Plastikmüll

Ihr wollt der Umwelt zuliebe auf Plastik verzichten, wisst aber nicht, wo Ihr anfangen sollt? Wir verraten Euch, wie Ihr schon beim Einkaufen Verpackungsmüll vermeiden könnt.

Plastikmüll ist zu einem richtigen Problem geworden: Die Ozeane versinken im Müll. Tiere verenden, weil sie Verpackungsteile gefressen haben. An Badestränden tummeln sich die Müllberge. Dabei ist es gar nicht so schwer, Plastikmüll zu vermeiden, sagt Plastik-Expertin Nadine Schubert und Autorin des Bestsellers "Besser leben ohne Plastik". Sie hat uns ein paar tolle Tipps für den Alltag verraten.

Bewusster Einkaufen

Los geht es schon beim Einkaufen im Supermarkt. Warum nicht mal die Milch in der Glasflasche kaufen anstatt im Tetra Pak? Oder Wurst und Käse an der Theke mitnehmen und nicht die verpackte Variante aus dem Frischeregal? Außerdem könnt Ihr Eure eigene Dose mitnehmen – ganz egal, ob die aus Plastik, Edelstahl oder Glas ist – und lasst Euch dort die Wurst oder den Käse einpacken. Solange die Dose auf der Theke steht und die Verkäuferin die Ware reinlegen kann, ohne die Dose zu berühren, ist aus hygienischer Sicht alles in Ordnung, weiß Nadine Schubert.

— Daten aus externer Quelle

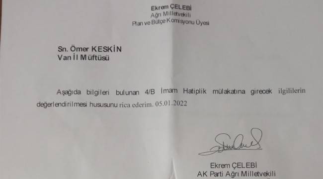 Sözcü'nün haberine göre AK Parti milletvekilleri Van Müftüsü’ne yazı göndererek yakınları için torpil ricasında bulundu. AK Parti Ağrı Milletvekili Ekrem Çelebi Van İl Müftülüsü Ömer Keskin’e, TBMM amblemi ve imzası bulunan 5 Ocak 2022 tarihli yazısında “Aşağıda bilgileri bulunan 4/B İmam Hatiplik mülakatına girecek ilgililerin değerlendirilmesi hususunu rica ederim” ifadesi yer aldı.

Ein Mann trägt zwei Plastiktüten mit Äpfeln

Die kleinen Plastiktüten in der Obst und Gemüseabteilung könnt Ihr Euch auch ohne weiteres sparen. "Was spricht dagegen die Tomaten einfach so in den Einkaufskorb zu legen? Wenn ich das nicht möchte, habe ich immer noch die Möglichkeit, einen Mehrwegbeutel zu verwenden," so die Plastik-Expertin. Es gibt Baumwollsäckchen, die man nutzen kann und die meisten Supermärkte verkaufen sogar Mehrwegbeutel, erzählt uns die Bestsellerautorin.

Wenn Ihr gerne Toast esst, dann könnt Ihr das auch beim Bäcker kaufen. Ihr lasst es Euch in Scheiben schneiden und dann friert Ihr es in einer Brottüte ein.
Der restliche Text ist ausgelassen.